I recommend shorting Resmed, RMD.  RMD is an overvalued supplier of sleep apnea devices, whose core business is facing slowing growth, increasing competition and regulatory headwinds.  In response to these challenges management is attempting to diversify into adjacent fields through value destructive M&A. 

Brook1001 previously wrote up RMD in October, 2014.  Please refer to that for some background.  Much of the thesis remains the same, but he was a bit early as much of the pressure on the business was offset by the launch of the Airsense 10, RMD’s new flow generation equipment.  There are also a number of new developments worth highlighting.

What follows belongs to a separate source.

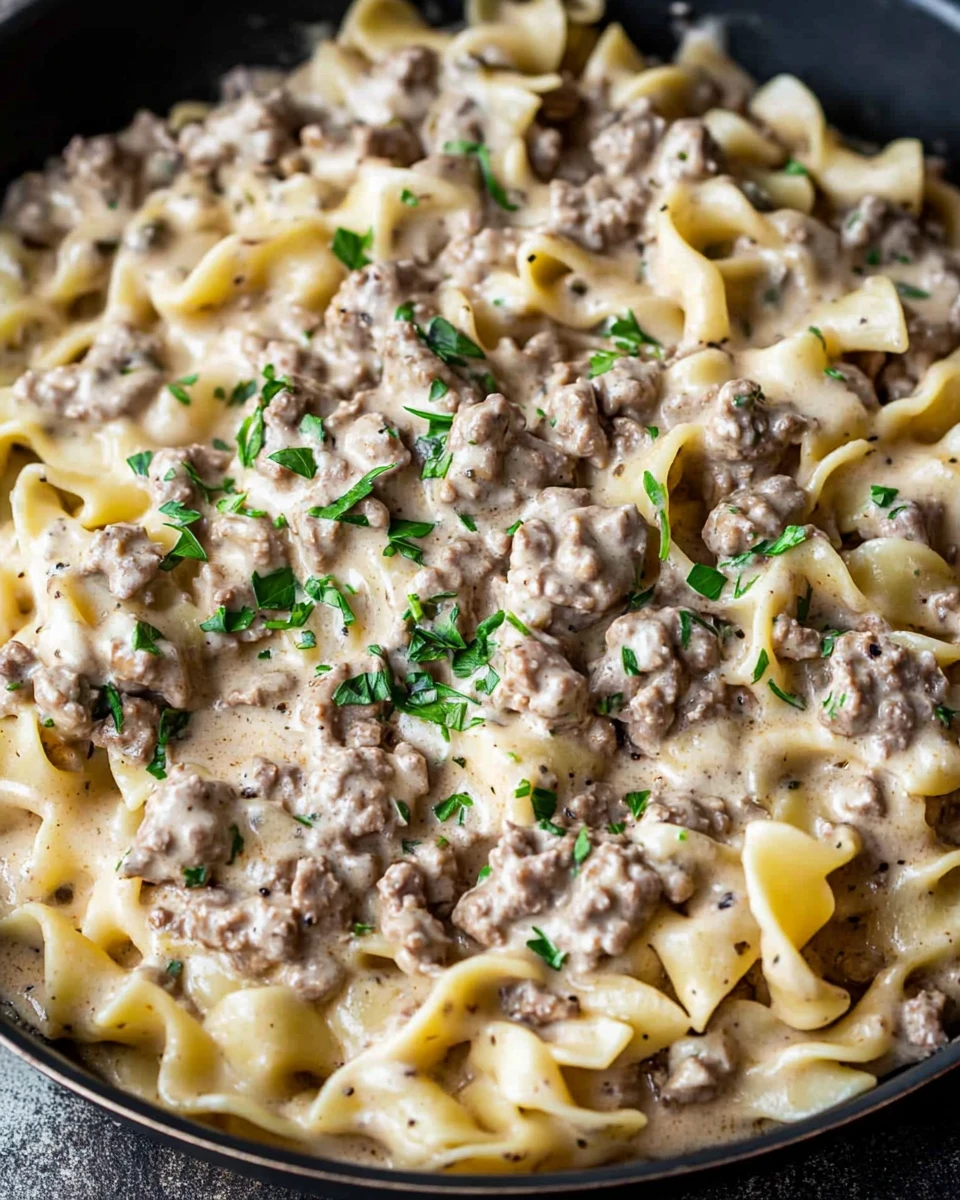 Serve your Ground Beef Stroganoff hot, garnished with freshly chopped parsley for a pop of color and flavor.

RMD is a developer of medical products for the diagnosis, treatment and management of respiratory disorders with a focus on sleep disordered breathing, principally obstructive sleep apnea, or OSA.   57% of sales are in the Americas and 43% is rest of world.   Likewise, 57% of sales are flow generators, while 43% are masks and accessories.   Masks are consumable, have steadier growth, and gross margins that are much higher than corporate average (possibly by 1000bps).  In the US approximately a quarter of sales are Medicare.   With regards to market share, RMD is the industry leader with approximately 45% (over 50% in masks), Philips Respironics has roughly 35%, and a number of smaller competitors make up the balance.  It sells its products through durable medical equipment (DME) distributors.

RMD trades at $59.75.  There are 144 million shares outstanding including options and RSUs, for a market cap of $8.6 billion.  Pro forma for the Brightree acquisition, there is $559 million of cash and $1.1 billion of debt, for an enterprise value of $9.1 billion.

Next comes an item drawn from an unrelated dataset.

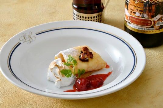 【デザート】ショコラバナーユクレープ 苺ソースとともに

Management points to statistics claiming that roughly a quarter of the adult population in the US has some form of OSA.  This dramatically overstates the addressable market.   There are only 10-12 million moderate to severe cases in the US and the market is close to full penetration and fairly mature.  Due to anemic growth outlook in the core business, management has been interested in expanding into other adjacent fields through what it refers to as Horizon 3, referring to three potential growth areas: heart failure, COPD and other illnesses requiring ventilation therapies, and now through M&A activity.

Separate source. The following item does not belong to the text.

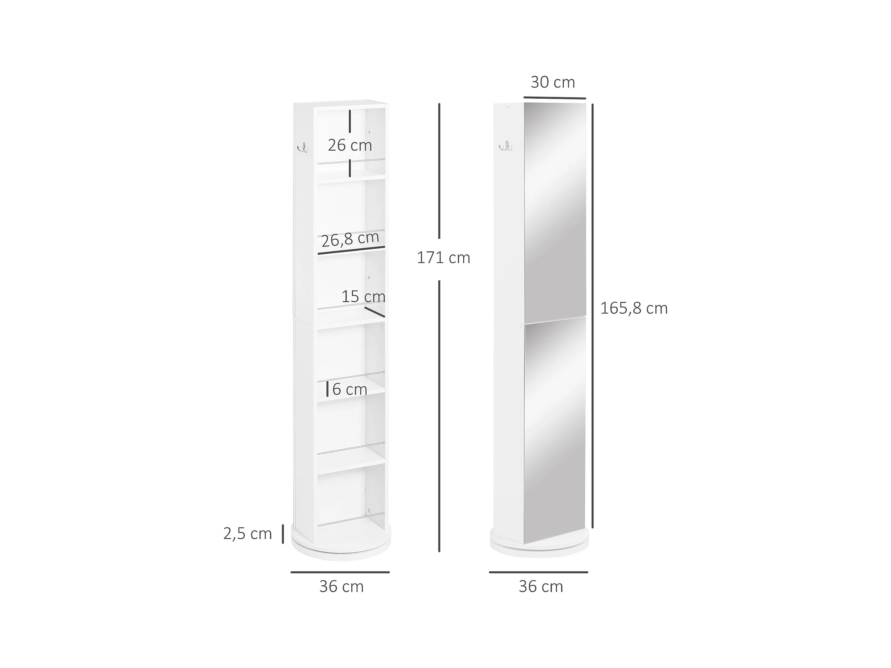 Colonne Pivotante de Salle de Bain 6 Niches 2 Miroirs et 2 Patères H 169.50 cm

Sleep disorder testing and treatment is a lucrative business, while test results can be inconclusive and vague, yet still qualify patients for treatment and expensive equipment.   Patient compliance is often an issue because the discomfort can outweigh the perceived benefits.  For these reasons, Medicare and private payors are trying to reduce waste, inefficiencies, and fraud, ie they would prefer to pay less in reimbursement.   To address this, regulators are enacting competitive bidding, requiring preauthorization, and proposing bundling. 

Last month, CMS released the results of the 5th round of competitive bidding (competitive bidding round 2 recompete), which will go into effect 7/16.  New single payment amount rates are 10-15% lower the previous competitive bidding 2 rates, which was a little worse than they were expecting.  The higher than expected cut will lead to lower DME profitability, which could also potentially lead to DMEs demanding greater price cuts from RMD and pushing lower cost products from competitors to patients.  This is also likely to reinforce the trend towards industry consolidation with national providers gaining share, which are less profitable to RMD.

At the end of 2015, CMS announced that it expects to institute preauthorization for certain items over a certain price.   This could result in less incentive to over diagnose sleep apnea and lead to less unnecessary shipments of equipment and accessories.

CMS has also announced a pilot for bundling that would simplify competitive bidding by setting bid limits for monthly expenditures.   This could lead to a dramatic reduction of higher margin mask and accessories sales.

RMD launched a new flow generation line, the Airsense 10, in the fall of 2014, which was the first refresh since 2010 and which jump started sales.  The introduction was very successful, with flow generators growing 53% 6/15, 39% 9/15, and 23% 12/15.  However, RMD is now facing some very tough comps and historical perspective indicates that the growth rate will continue to drop precipitously from here after the rapid uptake from the introduction.  So despite the pricing pressure hitting gross margins, RMD has increased gross profit dollars due to top line strength over the past year, but now that revenue growth is moderating it will begin to feel the impact of lower margins.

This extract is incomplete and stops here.